Provided data:
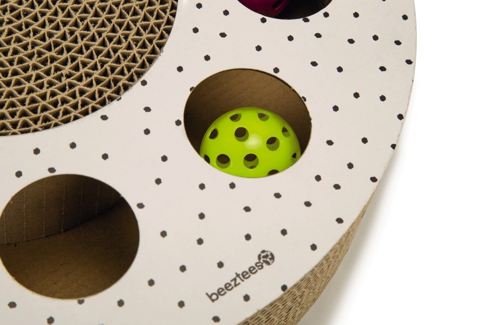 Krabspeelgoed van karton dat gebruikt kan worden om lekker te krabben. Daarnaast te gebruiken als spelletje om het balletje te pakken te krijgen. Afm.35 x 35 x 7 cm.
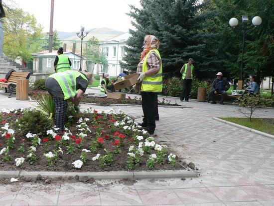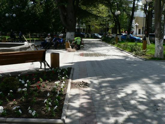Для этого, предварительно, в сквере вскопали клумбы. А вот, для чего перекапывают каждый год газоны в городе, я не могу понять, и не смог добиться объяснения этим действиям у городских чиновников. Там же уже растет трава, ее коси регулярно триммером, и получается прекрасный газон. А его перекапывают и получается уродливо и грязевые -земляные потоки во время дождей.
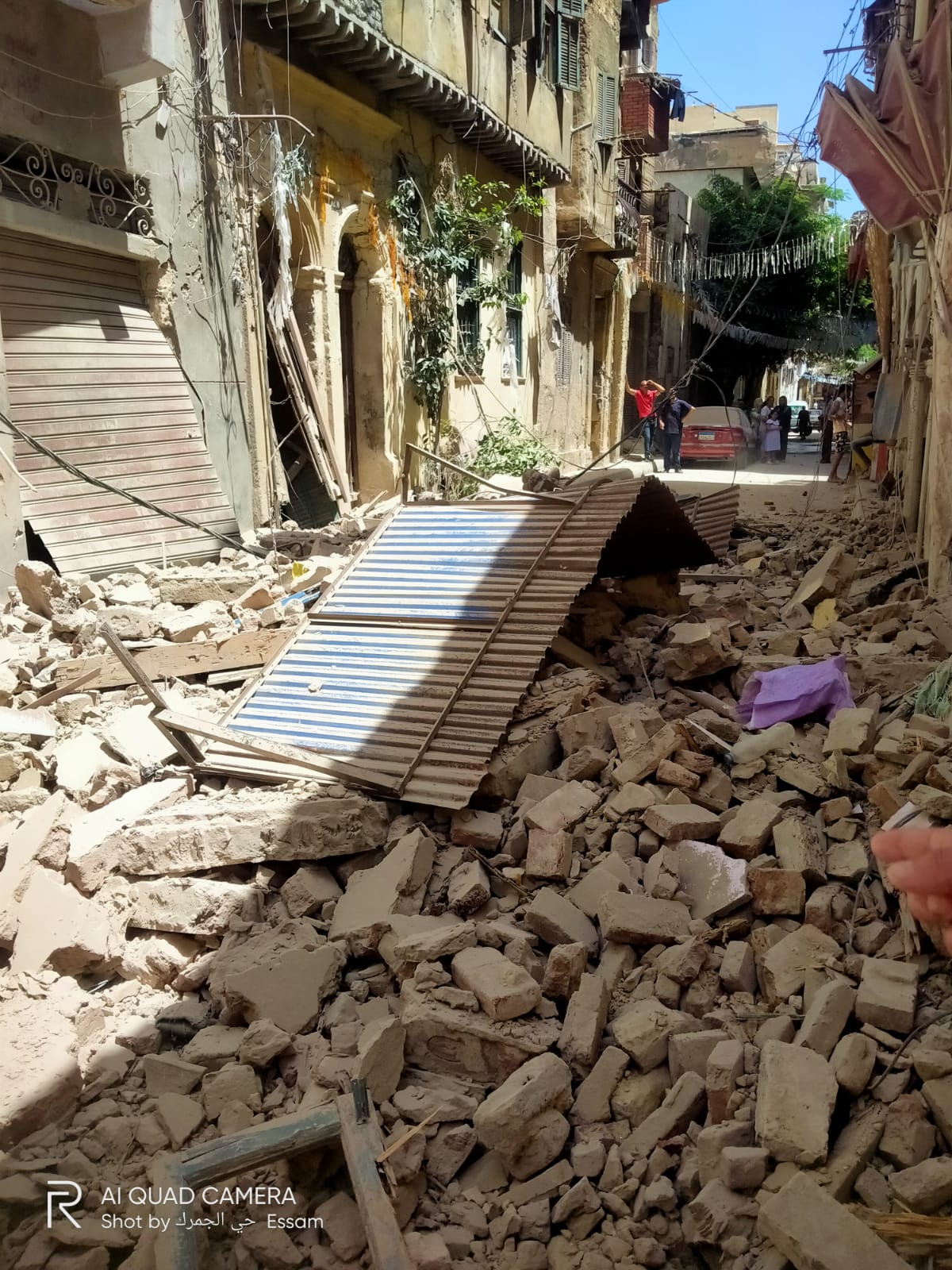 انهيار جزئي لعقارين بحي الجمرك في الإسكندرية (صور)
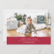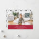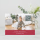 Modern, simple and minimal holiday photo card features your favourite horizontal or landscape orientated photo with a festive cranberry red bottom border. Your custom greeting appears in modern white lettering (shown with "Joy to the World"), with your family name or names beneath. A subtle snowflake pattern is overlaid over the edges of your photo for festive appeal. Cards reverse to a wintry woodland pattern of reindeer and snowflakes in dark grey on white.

Problem to solve: Produce the full material again verbatim, with the pictures dropped.

Exercise response:
 Krabspeelgoed van karton dat gebruikt kan worden om lekker te krabben. Daarnaast te gebruiken als spelletje om het balletje te pakken te krijgen. Afm.35 x 35 x 7 cm.
Для этого, предварительно, в сквере вскопали клумбы. А вот, для чего перекапывают каждый год газоны в городе, я не могу понять, и не смог добиться объяснения этим действиям у городских чиновников. Там же уже растет трава, ее коси регулярно триммером, и получается прекрасный газон. А его перекапывают и получается уродливо и грязевые -земляные потоки во время дождей.
 انهيار جزئي لعقارين بحي الجمرك في الإسكندرية (صور)
 Modern, simple and minimal holiday photo card features your favourite horizontal or landscape orientated photo with a festive cranberry red bottom border. Your custom greeting appears in modern white lettering (shown with "Joy to the World"), with your family name or names beneath. A subtle snowflake pattern is overlaid over the edges of your photo for festive appeal. Cards reverse to a wintry woodland pattern of reindeer and snowflakes in dark grey on white.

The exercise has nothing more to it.